_DIRECTIONS FOR THIS TASK_
For each record that follows, give it back exactly, with no pictures included.

** Opening PROVIDED ENTRIES block **

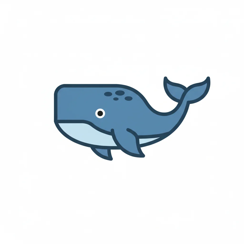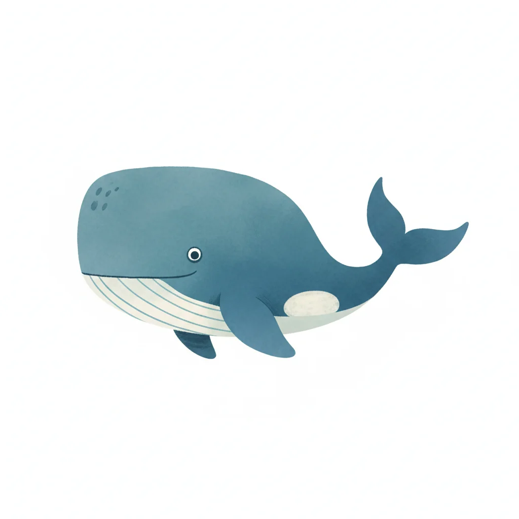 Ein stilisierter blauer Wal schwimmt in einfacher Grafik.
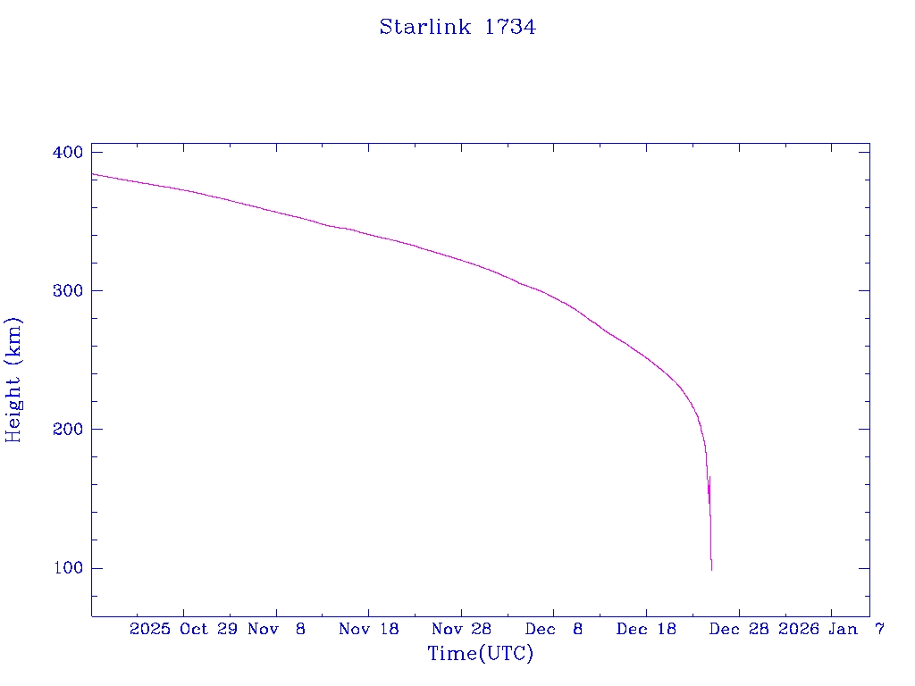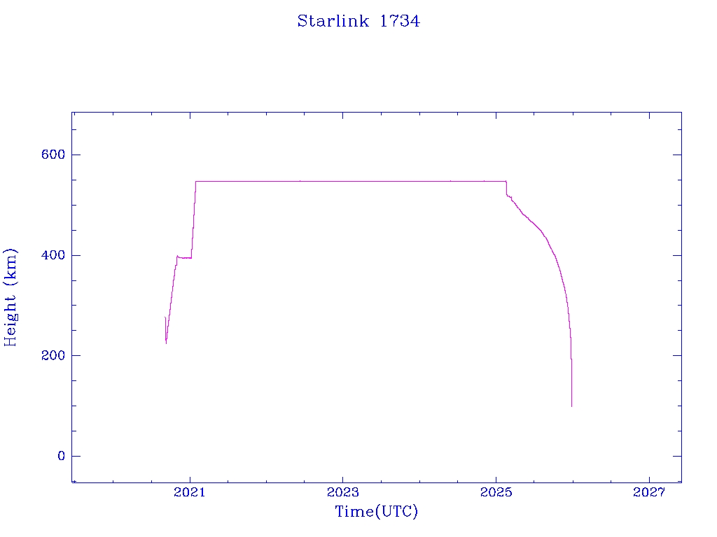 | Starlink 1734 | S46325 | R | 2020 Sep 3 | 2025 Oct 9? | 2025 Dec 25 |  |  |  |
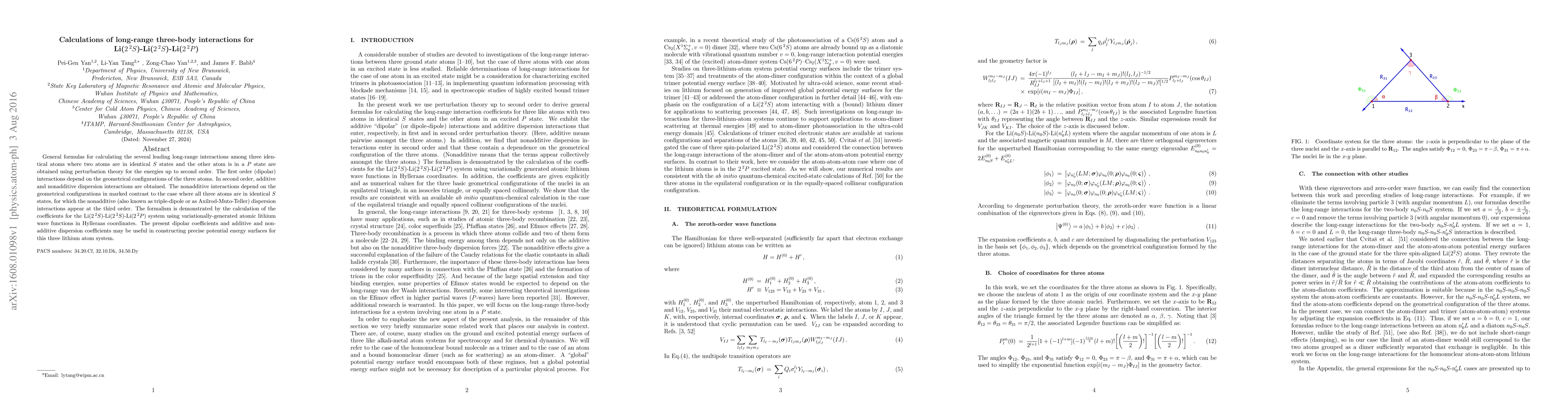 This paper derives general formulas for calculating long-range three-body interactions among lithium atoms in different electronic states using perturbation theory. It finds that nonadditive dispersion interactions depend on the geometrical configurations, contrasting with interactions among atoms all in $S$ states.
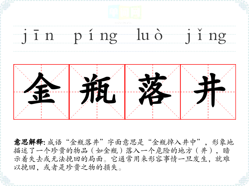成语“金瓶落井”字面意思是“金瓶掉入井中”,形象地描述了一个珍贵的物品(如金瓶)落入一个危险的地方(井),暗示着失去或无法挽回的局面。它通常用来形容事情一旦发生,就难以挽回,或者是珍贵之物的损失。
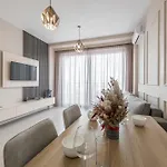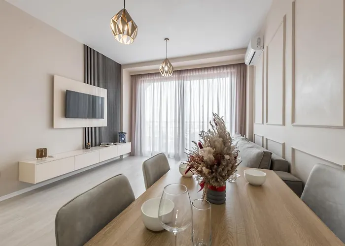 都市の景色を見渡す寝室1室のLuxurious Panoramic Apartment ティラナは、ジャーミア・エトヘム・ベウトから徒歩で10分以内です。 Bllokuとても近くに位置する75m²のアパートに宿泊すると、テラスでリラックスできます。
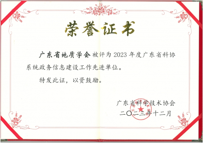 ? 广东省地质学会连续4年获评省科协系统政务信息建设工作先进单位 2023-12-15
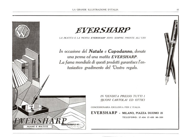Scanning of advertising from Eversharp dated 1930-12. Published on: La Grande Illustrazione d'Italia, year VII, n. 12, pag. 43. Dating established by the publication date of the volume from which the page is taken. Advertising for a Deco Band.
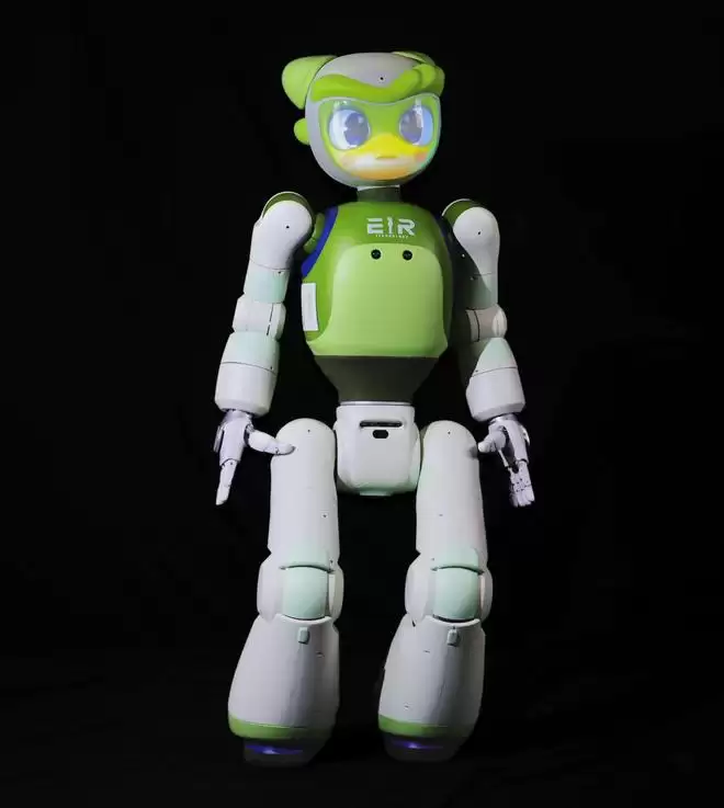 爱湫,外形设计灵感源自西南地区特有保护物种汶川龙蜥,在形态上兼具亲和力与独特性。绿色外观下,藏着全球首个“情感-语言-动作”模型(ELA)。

** Closing PROVIDED ENTRIES block **

_WRITTEN ANSWER_
 Ein stilisierter blauer Wal schwimmt in einfacher Grafik.
 | Starlink 1734 | S46325 | R | 2020 Sep 3 | 2025 Oct 9? | 2025 Dec 25 |  |  |  |
 This paper derives general formulas for calculating long-range three-body interactions among lithium atoms in different electronic states using perturbation theory. It finds that nonadditive dispersion interactions depend on the geometrical configurations, contrasting with interactions among atoms all in $S$ states.
成语“金瓶落井”字面意思是“金瓶掉入井中”,形象地描述了一个珍贵的物品(如金瓶)落入一个危险的地方(井),暗示着失去或无法挽回的局面。它通常用来形容事情一旦发生,就难以挽回,或者是珍贵之物的损失。
 都市の景色を見渡す寝室1室のLuxurious Panoramic Apartment ティラナは、ジャーミア・エトヘム・ベウトから徒歩で10分以内です。 Bllokuとても近くに位置する75m²のアパートに宿泊すると、テラスでリラックスできます。
 ? 广东省地质学会连续4年获评省科协系统政务信息建设工作先进单位 2023-12-15
Scanning of advertising from Eversharp dated 1930-12. Published on: La Grande Illustrazione d'Italia, year VII, n. 12, pag. 43. Dating established by the publication date of the volume from which the page is taken. Advertising for a Deco Band.
 爱湫,外形设计灵感源自西南地区特有保护物种汶川龙蜥,在形态上兼具亲和力与独特性。绿色外观下,藏着全球首个“情感-语言-动作”模型(ELA)。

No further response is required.